Am I spoiling my baby?

Am I Spoiling My Baby? A Guide for Parents

Many parents worry they may be spoiling their baby if they respond quickly every time their baby cries. That’s why the Center for Early Education and Development (CEED) offers this guide for parents. On the one hand, they feel a strong urge to make things better immediately when their baby signals that he or she is upset. But at the same time, they think that by responding to every cry they might be making their baby overly dependent and clingy, or be teaching their baby to expect to always get what he or she wants. Sometimes friends or even the baby’s grandparents say things like, “Why do you jump every time she cries? It’s good for babies to cry.”

Responding is Not “Spoiling”

Take heart, parents. Your instincts to respond right away to your baby’s cries are right on track. Recent research has shown that responding to your baby’s cries will not spoil your baby. In fact, babies who have been responded to quickly and consistently, especially during the first six to eight months of life, actually cry less than babies who have been left to cry. And as toddlers, the babies whose cries were responded to promptly and consistently are more independent than the children whose cries were not responded to.

It seems that one of the most important things for a baby to learn is that others will respond to him in a caring and predictable way. This also tells him that he is capable of making his needs known and getting a response. These experiences allow the baby to develop a strong trust in others and in self, a basic sense of security that the world is a good, safe place to be and that he can play an active role in this world.

When that security is established in infancy, then the child is free to begin exploring the world on her own, knowing that she can seek and receive help and comfort when she needs it.

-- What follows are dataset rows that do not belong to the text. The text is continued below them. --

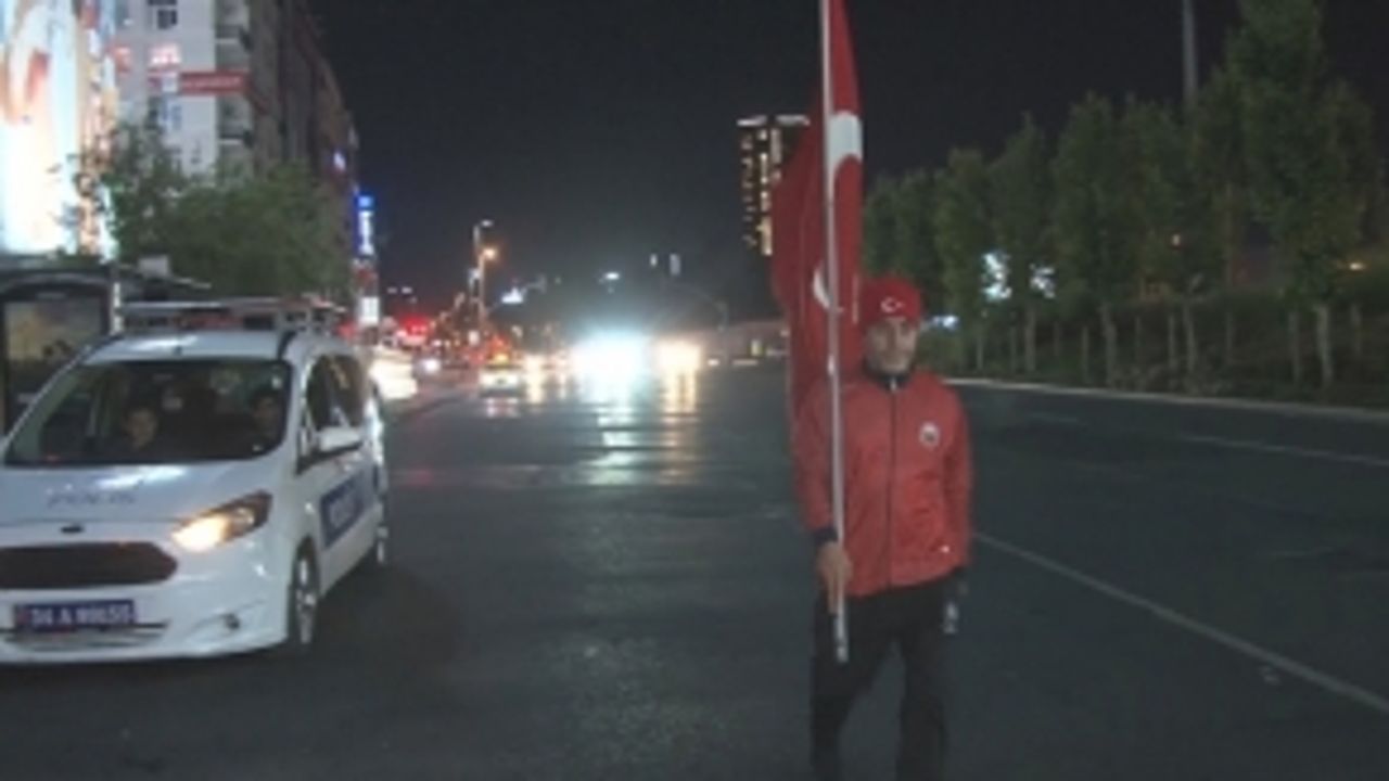 Esenyurt’tan başlayıp 15 Temmuz Şehitler Köprüsünde biten 8 saatlik yürüyüş boyunca elinden Türk Bayrağını bırakmayan Saffet Gümüş’ün yürüyüş anları Mecidiyeköy’de İhlas Haber Ajansı kameralarına yansıdı.
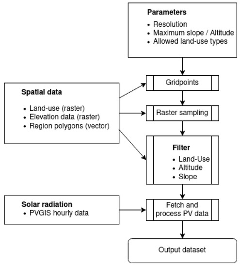A framework to automatically read land-use and relief data, filter by land use codes, altitude, and slope and further download solar PV data was developed and can be found online: https://github.com/inwe-boku/pvaustria2021 (accessed on 10 June 2021). The framework is able to fetch Solar Data automatically from a defined source, and join, manipulate and alter it using various spatial methods.
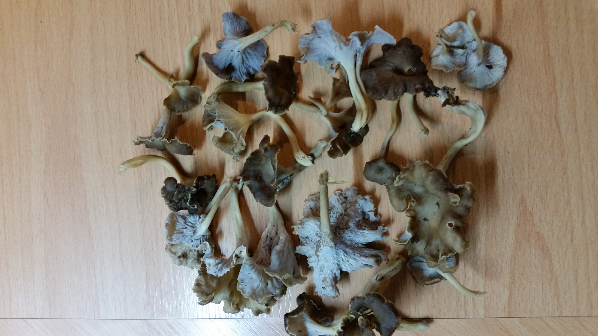 das müssten alles Krause Kraterellen sein - mit schwach ausgeprägten bzw. angedeuteten Leisten - korrekt?
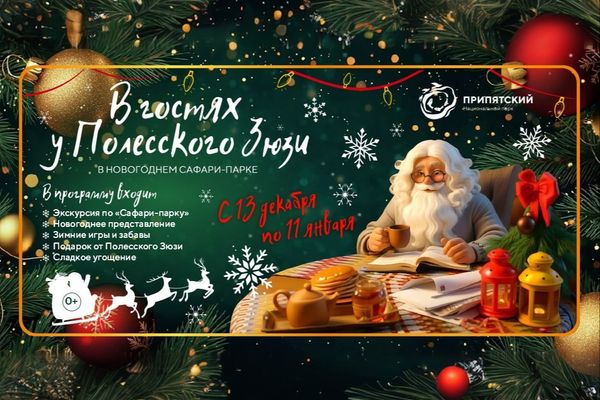 С 13 декабря по 11 января окунитесь в новогоднюю сказку и волшебства в поместье Полесского Зюзи. В новогодней программе Вас ждет: Знакомство с Полесским Зюзей – Полесским Дедом Морозом, его красавицей Внучкой и сказочными персонажами; Экскурсия по «Сафари-парку» - парку диких животных, где Вы встретите ланей, оленей, кабанов, лосей и зайцев; Посещение домика Лесного Кудесника , древнего городища и поляны желаний со скульптурами славянских языческих Богов; Небольшое приключение во владениях Бабы Яги и Кикиморы; Знакомство с Лесовиком и его подсобным хозяйством: ручными оленями, полесскими лошадками, носухами, нутриями, барашками, кроликами, павлинами, фазанами, декоративными курами, гусями, индюшками; Необыкновенно красивая новогодняя елка, танцы, песни, конкурсы, игры, хороводы и сюрпризы от Полесского Зюзи и Внучки; Изысканные угощения и горячие напитки в Карчме Полесского Зюзи; Оборудованные кострища, где Вы сможете пожарить сало или запечь картофель на углях; Памятные подарки и сувениры от Полесского Зюзи; Большая ледяная горка с ватрушками; Сувенирная лавка; Фотосессия со сказочными персонажами.Примечание: В поместье установлен специальный почтовый ящик для писем к Зюзе. Все желающие могут написать письмо с заветными желаниями, а самые любопытные могут познакомиться с Полесским Зюзей , заранее записавшись на личный прием.Продолжительность: 2,5 - 3 часа. Стоимость билета: детский – 30,00 руб., взрослый – 35,00 руб. Индивидуальное посещение поместья Полесского Зюзи для детей и взрослых – 25 руб.В стоимость билета входит: Экскурсия по «Сафари-парку» Новогоднее представление Подарок от Полесского Зюзи Сладкое угощение в «Карчме» Катание на ватрушках Корм для животныхНачало программы в будние дни для групп: 10:00, 12:00, 14:00, 15:00 для семей: 12:00, 15:00Начало программы в выходные дни для групп: 10:00, 12:00, 14:00, 16:00 для семей: 11:00, 15:00
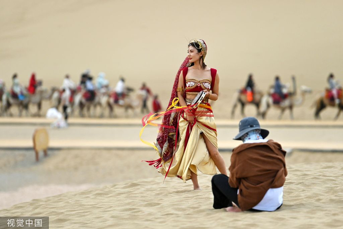 甘肃酒泉:敦煌“飞天旅拍”持续走红 新增西域公主等妆造
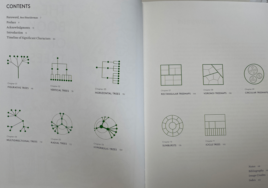What I loved about the Book of Circles was its content page, which also acted as a really convenient taxonomy of all the circular chart types. And the Book of Trees has exactly the same thing which is every bit as useful. Perhaps even more so, because it’s here that I realised that the tree element of many of the images is more metaphorical. These charts are, as described in the book’s subtitle (and this blog post’s title), looking at branches of information. So we see a wide variety of types, from tree-style visuals through radial trees to tree maps and even sunburst charts. So it’s actually quite pleasing to see a crossover between the two books where the radial forms are considered. This therefore leads to a particularly wide range (and large collection) of charts, visualisations and images as inspiration, or just to consume for pleasure.
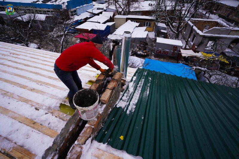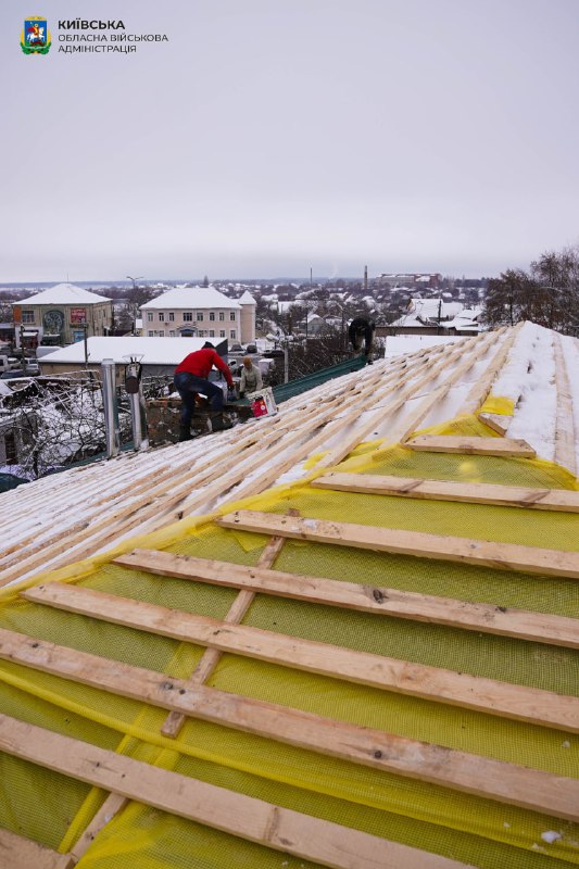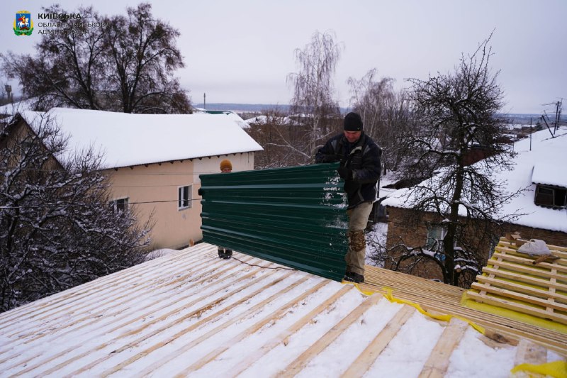 У Макарові відновлюємо пошкоджені окупантами багатоповерхівки. На одній із них на вулиці Гагаріна ремонтують дах
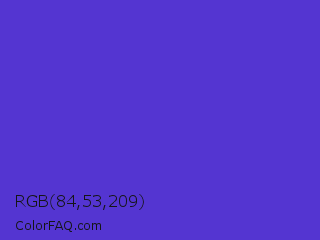 RGB 84,53,209 Color is a normal indigo color and the nearest color is Purple Heart Crayola #652dc1. Hex code #5435d1 and RGB value is rgb(84,53,209). In RGB color space, this color is composed of 33% red, 21% green, 82% blue, In CMYK color space, this color is composed of 60% cyan, 75% magenta, 0% yellow , 18% black , In HSL color space, this color has a hue angle of 252° , 63% saturation and 51% lightness.
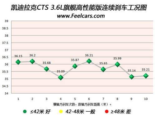 再來(lái)看看新CTS的連續(xù)10次剎車成績(jī),最差成績(jī)?yōu)?6.21米,與最好成績(jī)差距僅為1.1米,且大部分成績(jī)均在36米以內(nèi),說(shuō)明新CTS的剎車系統(tǒng)散熱效果非常好,始終保持在最佳的工作狀態(tài),沒有出現(xiàn)熱衰減現(xiàn)象。

So it makes good sense that a child whose cries were responded to in infancy will be less likely to be whiny, clingy and “spoiled,” and will be more likely to be confident, independent and ready to go out and explore and learn.

A Variety of Responses

You may be saying to yourself, “But I can’t always respond to my child.” Of course you can’t – no one can. It is the “average” of experiences that is important to your child, so usually responding promptly should be enough. It’s also important to keep in mind that “responding” doesn’t only mean big responses like feeding or taking the baby to bed with you. In fact, if that were the only way you responded to your baby’s cries, your baby might become “spoiled” in a way, having learned that the only way to be comforted is to be fed or to go to bed with Mom or Dad. It’s good to know and use a variety of ways of responding to your baby.

Sometimes if you respond when your baby first begins to fuss, just the sound of your voice will be enough to help your baby settle down. With a young baby, moving close and talking softly in his or her ear can be effective. Other times holding your hand firmly but gently on the baby’s back or tummy will be calming. For very young babies, crossing their arms over their tummies or wrapping them snuggly in a blanket may help them to feel more calm and organized. When they become more upset their arms flail wildly, which just makes them feel more upset. Your baby’s cry also may be a way of asking for you to respond by changing a diaper, feeding or moving your baby into a different position.

Crying is Communicating

The important thing to remember is that your baby’s cry is a way of asking for something It is one of the major ways your baby has of communicating with you. Just as you like to be listened to when you talk, so does your baby. This is the basis for your baby’s development of good feelings of self and others, feelings he or she will carry forward through life.